Basic Personal Safety Tips
If it looks like a duck, swims like a duck, and quacks like a duck, then it probably is a duck. That’s an example of inductive reasoning, and criminals use this to help them select targets of opportunity. Modify this old saying as a way to look for a victim or “mark” and you get the idea. If he or she looks and acts like an easy target, then it’s probably true. Body language is a great communication tool and many times you may not even be aware of what you are saying. Body language and situational awareness are the two primary components in basic personal safety awareness, and should be part of your plan to be safe.
Body language is a non-verbal form of communicating feelings, intentions, or thoughts through physical actions such as facial expressions or eye movements, actions or positions of the body, arms and hands, even the amount of space a person keeps around or between other people.
Simply put, situational awareness is being aware of your surroundings. More specifically, in the context of personal safety tips, it refers to a mindset that allows a person to notice potential threat scenarios in time to react accordingly.
Appear to be a Hard Target
With a proper combination of body language and situational awareness, most people can move throughout their daily activities without attracting unwanted attention from the criminal element. An example of this would be to use body language to display a focused and decisive motion in your walking technique. By keeping your head up and eyes scanning the area, you will appear to be in charge of your actions, not just wandering from one spot to another. By simultaneously using appropriate situational awareness safety tips, you’ll see who is near and what they are doing.
When All Else Fails
Most of the time a criminal will pass on someone who looks like they might be trouble. However, there are some situations that appearances alone won’t deter an unwanted event. Should a situation occur, attempt to avoid it and if that’s not possible, do everything you can to control the outcome.
Realize that certain scenarios are more risky than others. For example, when returning to a parked vehicle, always raise your level of awareness a notch or two. Scan the area around your vehicle and look for people or vehicles that are suspicious. Don’t hesitate to leave the area and ask for security to escort you to the vehicle if you feel something is amiss. At the very least, you may want to return in a few minutes to see if the situation has resolved itself.
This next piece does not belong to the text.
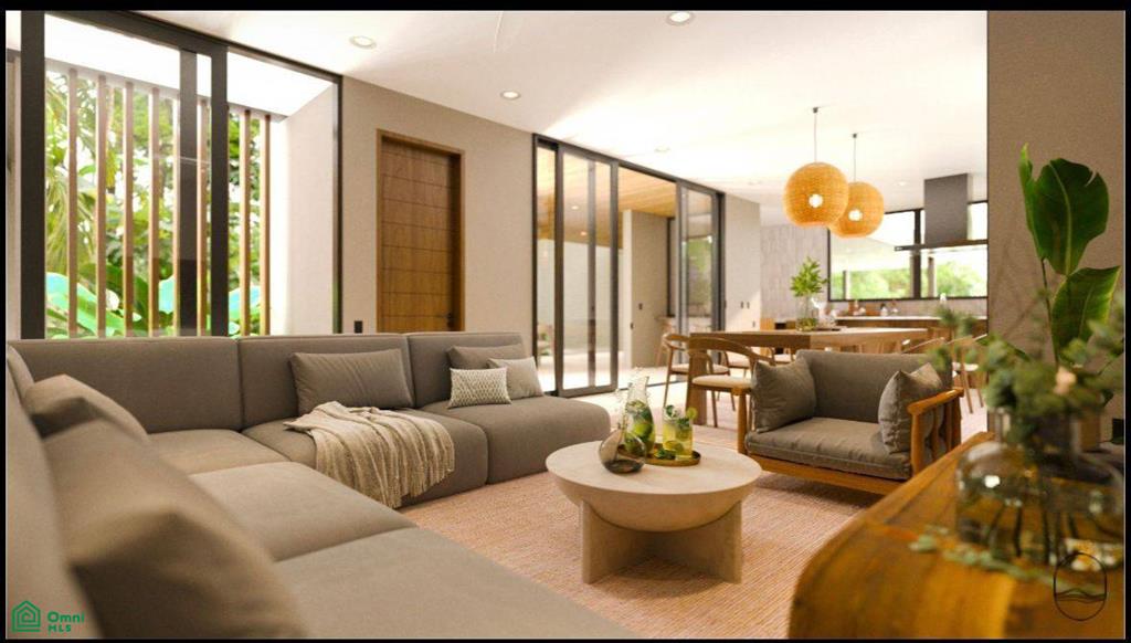 The open-concept living, dining, and kitchen areas flow seamlessly onto a spacious outdoor terrace with pool, BBQ area, and lounge spaces, perfect for entertaining or relaxing after a day at the beach. Clean architectural lines, natural materials, and a functional layout create a timeless yet contemporary aesthetic.

If you are attacked, fight back and try to run away. Scream and yell, as you attempt to get loose and attract attention. Don’t be embarrassed to make a scene since a little embarrassment is much more preferable than becoming a casualty of street crime.
When it comes to personal security, use body language and situational awareness to look like the person a criminal wants to avoid. If in spite of your efforts you are attacked, do what you can to get free and move immediately towards safety. You are worth the fight it may take to save yourself.